Effect of serum from patients with chronic renal insufficiency and indoxyl sulfate on lipid accumulation in macrophages in vitro
10.3969/j.issn.1673-4254.2015.05.03
- VernacularTitle:慢性肾功能不全患者血清及硫酸吲哚酚对巨噬细胞脂质聚集的影响
- Author:
Yan SHEN
1
;
Pei WANG
;
Juan ZHOU
;
Zuyi YUAN
;
Aiping YIN
;
Lijun WANG
Author Information
1. 西安交通大学医学院第一附属医院 肾病中心肾内科
- Keywords:
chronic renal insufficiency;
atherosclerosis;
indoxyl sulfate;
macrophages;
CD36;
foam cells
- From:
Journal of Southern Medical University
2015;(5):631-638
- CountryChina
- Language:Chinese
-
Abstract:
Objective To investigate the pathologies of aortic root atherosclerotic lesion in uremic apoE-/-mice and explore the effect of serum from patients with chronic renal insufficiency (CRI) and the uremic toxin, indoxyl sulfate (IS), on the expression of cholesterol transporting receptors and lipid accumulation in macrophages in vitro.
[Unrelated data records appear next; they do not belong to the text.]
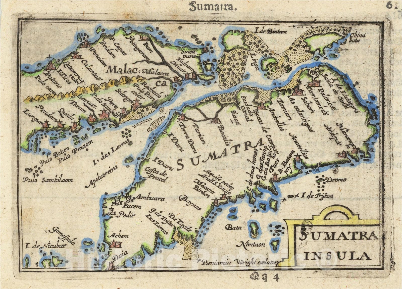 • .Historic Map : Sumatra Insula (Singapore named), 1598, Petrus Bertius, Vintage Wall Art
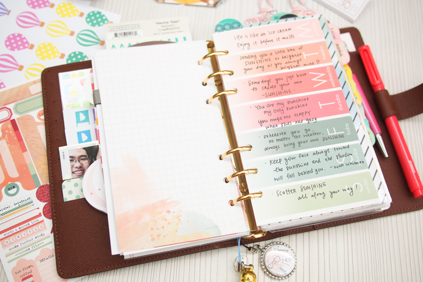 I used to used these cute week-on-one-page inserts either for my baby journal or #listersgottalist challenge. But this month since I am using it for planning my future kits, I use it to write down quotes / saying that I found related to a particular theme (in this case, which is summer and sunshine theme).
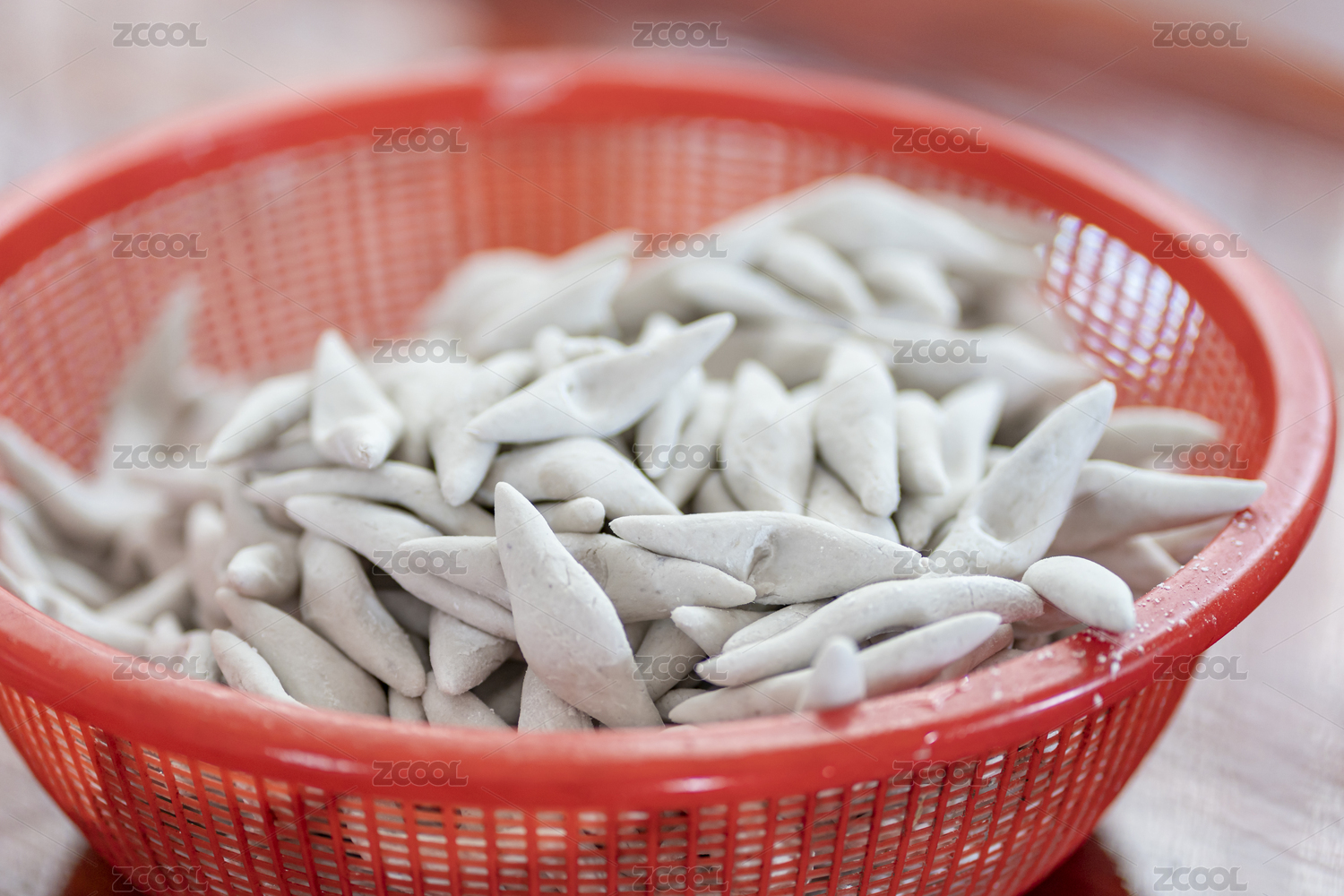 小簸箕里盛装的手工制作的客家小吃芋子粄
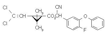 【化學(xué)名稱】:(RS)-a-氰基-4-氟-3-苯氧基芐基(1RS,3RS;1RS,3SR)-3-(2,2-二氯乙烯基)-2,2-二甲基環(huán)丙烷羧酸酯
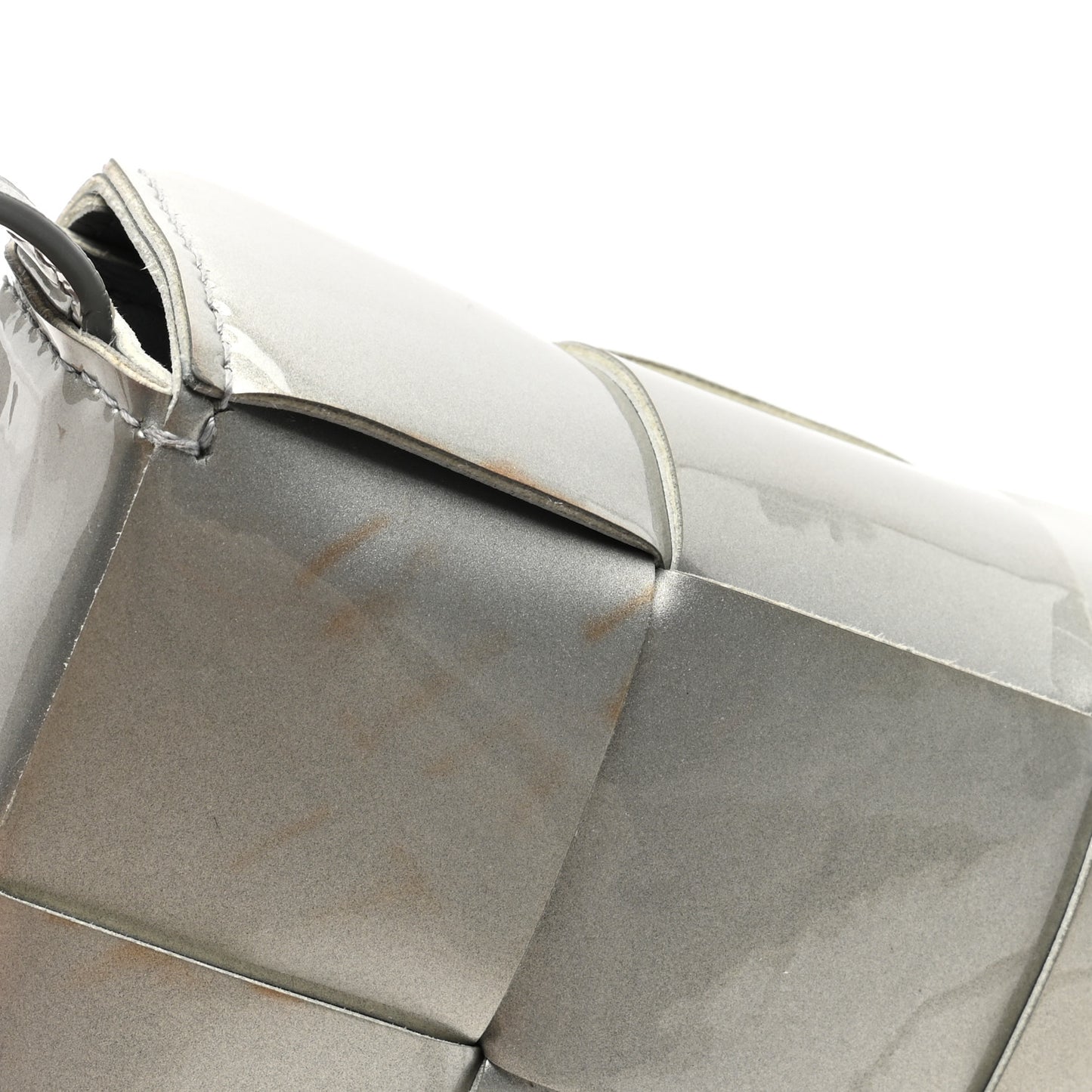 This is an authentic BOTTEGA VENETA Metallic Patent Calfskin Maxi Intrecciato Extra Mini Cassette Crossbody Bag in Silver. This stylish messenger bag is crafted of metallic patent calfskin leather in silver. The bag features a matching adjustable crossbody strap with silver hardware and a front flap that opens to a matching interior with card slots.Follow this item for alerts. Bottega Veneta is a registered trademark of Bottega Veneta. FASHIONPHILE is not affiliated with Bottega Veneta.
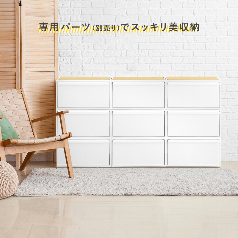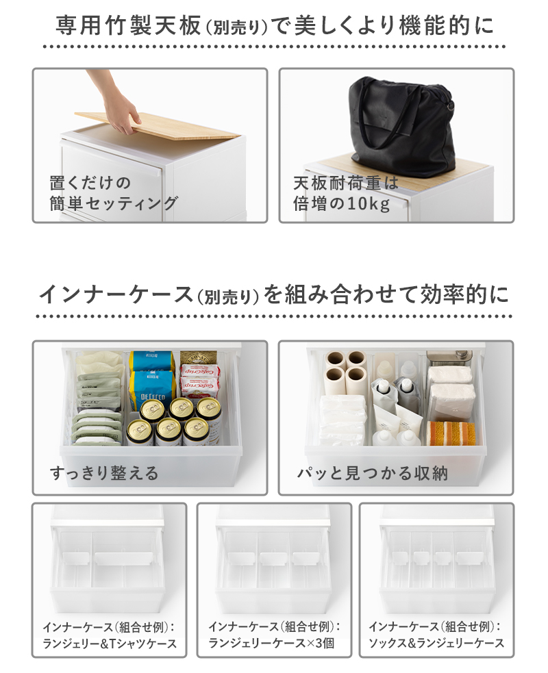 専用の天板(別売り)やインナーケース(別売り)を組み合わせれば、収納力がさらにアップ。見た目もすっきり整って、より効率的に使えます。
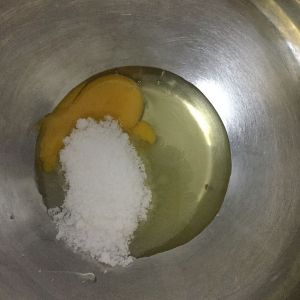 鸡蛋加糖,搅打成蛋液
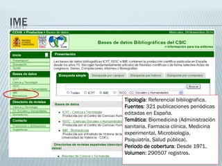 El IME es una base de datos bibliográfica que contiene más de 290,000 registros sobre biomedicina extraídos de 321 publicaciones periódicas españolas desde 1971, cubriendo temas como administración sanitaria, farmacia clínica, medicina experimental, microbiología, psiquiatría y salud pública.
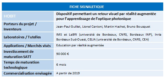 Le projet HOBIT (Hybrid Optical Bench for Interactive Teaching), porté par des chercheurs de l’université de Bordeaux et d’Inria (Institut national de recherche en sciences du numérique), vise à faciliter l’apprentissage de l’optique photonique laser. En associant la simulation et la réalité augmentée, HOBIT permet d’acquérir la compréhension des phénomènes physiques, la technicité des gestes, tout en visualisant les résultats d’expériences. La réalisation de travaux pratiques est ainsi grandement facilitée : elle devient visuelle, moins coûteuse et sans danger lié à l’utilisation de lasers.

Methods The uremic apoE-/-mouse model was established by surgical operation. Frozen sections of the aortic root were collected from uremic apoE-/-mice, sham-operated apoE-/- mice and C57BL/6J mice and stained with oil red O to calculate the relative area of atherosclerotic plaque. Murine macrophage RAW264.7 cell line was treated for 12 h with different concentrations of IS or serum samples from CRI patients and healthy individuals, and the mRNA expressions of cholesterol transporting receptors (SR-A1, CD36, ABCA1, ABCG1 and SR-B1) were detected. After treatment for 24 h, the cells were induced into foam cells to determine lipid contents using oil red O staining. Results The relative area of the atherosclerotic plaques in the aortic root increased significantly in uremic apoE-/- mice compared with that in sham-operated apoE-/- mice. CRI serum (5%) and IS (250 μmol/L) obviously increased the mRNA expression of CD36 and lipid accumulation in the macrophages, but did not affect the mRNA expression of other cholesterol transporting receptors. Conclusion CRI can accelerate the progression of atherosclerosis through the mechanism that IS in CRI serum promotes lipid accumulation in macrophages by enhancing the mRNA expression of CD36, which contributes to the formation of foam cells.